The LongLive-2.0 framework presents a co-designed infrastructure for efficient long video generation, integrating a novel training methodology with a parallel inference system. The core of the training process is sequence-parallel autoregressive (AR) training, instantiated as Balanced SP, which co-designs the data layout with the sequence-parallel execution to address memory and computational bottlenecks. This approach ensures that each GPU rank is responsible for both clean and noisy latent tokens from the same temporal chunk, balancing the loss-bearing workload across devices and enabling a natural teacher-forcing attention mask. This paired layout is applied consistently across VAE encoding, latent construction, and loss computation, eliminating the need for replicated VAE preparation and ensuring that the sequence sharding is aligned with the DiT's attention mechanism. The training process is further accelerated by NVFP4 precision, which reduces memory footprint and speeds up GEMM operations, particularly as video length increases. The authors leverage this infrastructure to directly fine-tune a bidirectional diffusion model into a long, interactive, multi-shot AR model, bypassing the complex multi-stage processes of prior methods. The resulting model can be converted to real-time generation with few-step denoising using standalone LoRA weights, which are derived through a simplified DMD distillation process that optimizes only the LoRA adapters.
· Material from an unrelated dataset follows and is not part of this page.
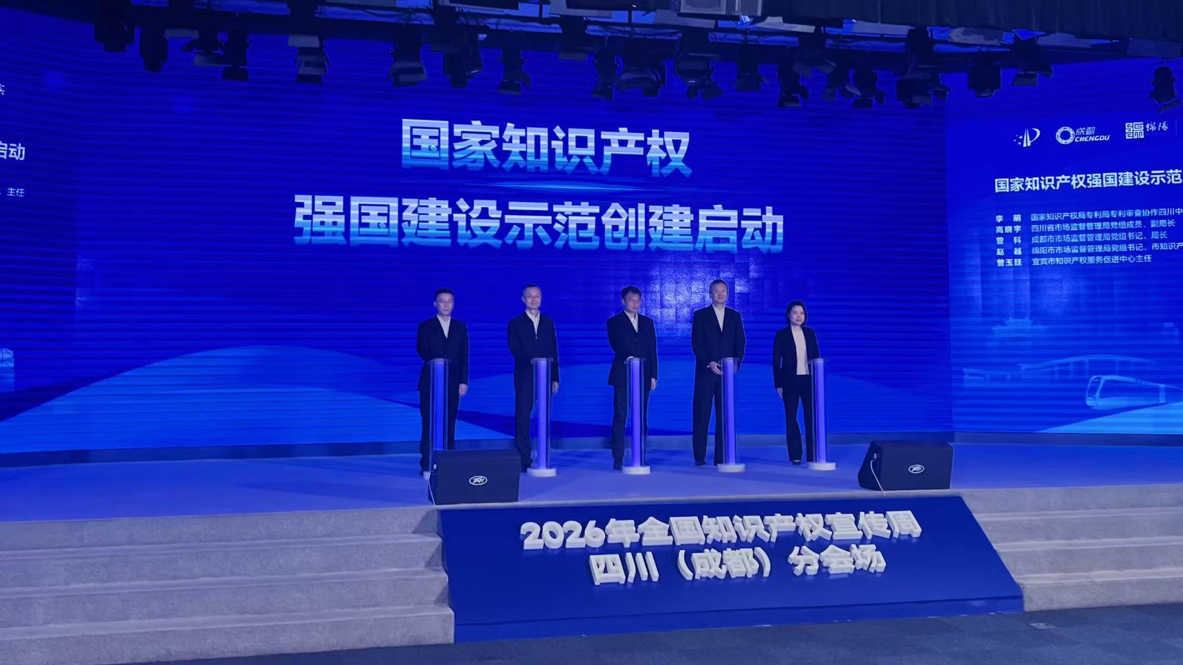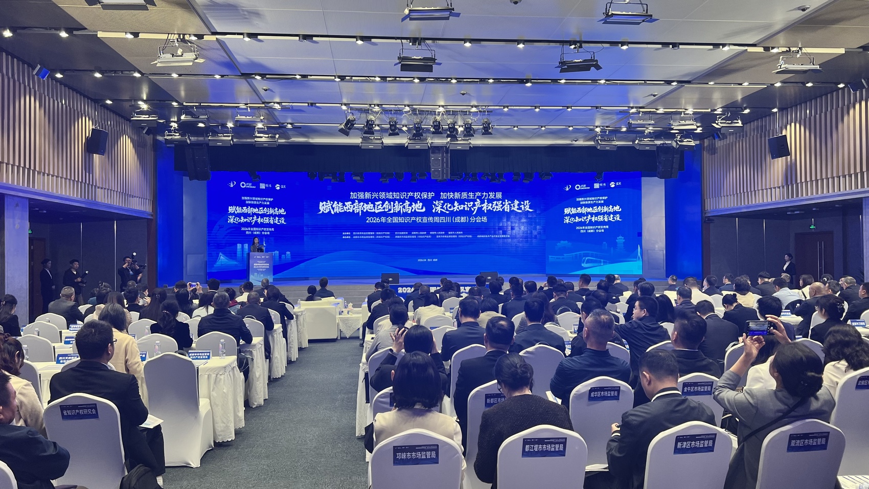 4月21日,2026年全国知识产权宣传周四川分会场活动在成都举行。本次活动由四川省市场监管局(省知识产权局)、省版权局与成都市、绵阳市、宜宾市政府联合主办,活动紧扣“加强新兴领域知识产权保护 加快新质生产力发展”主题,生动展示四川以知识产权强省建设为抓手,加快打造西部地区创新高地的积极成效。

For inference, LongLive-2.0 employs a multi-faceted strategy to achieve high throughput and low latency. On Blackwell GPUs, the system enables W4A4 NVFP4 inference, quantizing both the model weights and the key-value (KV) cache to NVFP4, which significantly reduces memory usage and accelerates computation. The KV cache is quantized at the frame-chunk level, with each chunk containing eight frames, and a customized parallel CUDA dequantization kernel is used to reconstruct the cache for efficient in-window attention. To further improve throughput, the framework implements asynchronous streaming VAE decoding. This heterogeneous pipeline dedicates one GPU to VAE decoding, which runs concurrently with the DiT inference cluster, effectively hiding the decoding latency behind the dominant DiT denoising steps. This design reduces end-to-end latency and enables memory-efficient streaming generation. For non-Blackwell GPU architectures, LongLive-2.0 deploys sequence-parallel inference to match the speed of Blackwell GPUs, with the quantized KV cache reducing inter-GPU communication overhead. The system also introduces a multi-shot attention sink mechanism to maintain coherence during multi-shot generation. This mechanism uses two cooperating anchor sets: a global sink to preserve the identity of the entire video and a shot-level sink to maintain local coherence within each shot. This design integrates seamlessly with the chunk-wise interactive prompting interface, allowing for minute-scale interactive generation without redundant recomputation. The overall architecture is designed to maximize end-to-end generation speed, a more practical metric than diffusion-model FPS alone, by minimizing the overhead of low-bit KV computation and overlapping VAE decoding with model denoising.

Experiment

The evaluation setup assesses training and inference efficiency, generation quality across short and long videos, and the impact of key architectural and precision design choices. Experiments validate that combining balanced sequence parallelism with NVFP4 quantization significantly reduces memory usage and accelerates training while preserving visual fidelity. Qualitative ablations further confirm that the multi-shot attention mechanism prevents temporal drift and maintains subject consistency across extended sequences, whereas pre-training the quantized precision avoids the detail degradation associated with post-training conversion. Collectively, these findings demonstrate that the optimized framework enables high-throughput, real-time video generation with robust long-range stability and minimal quality loss.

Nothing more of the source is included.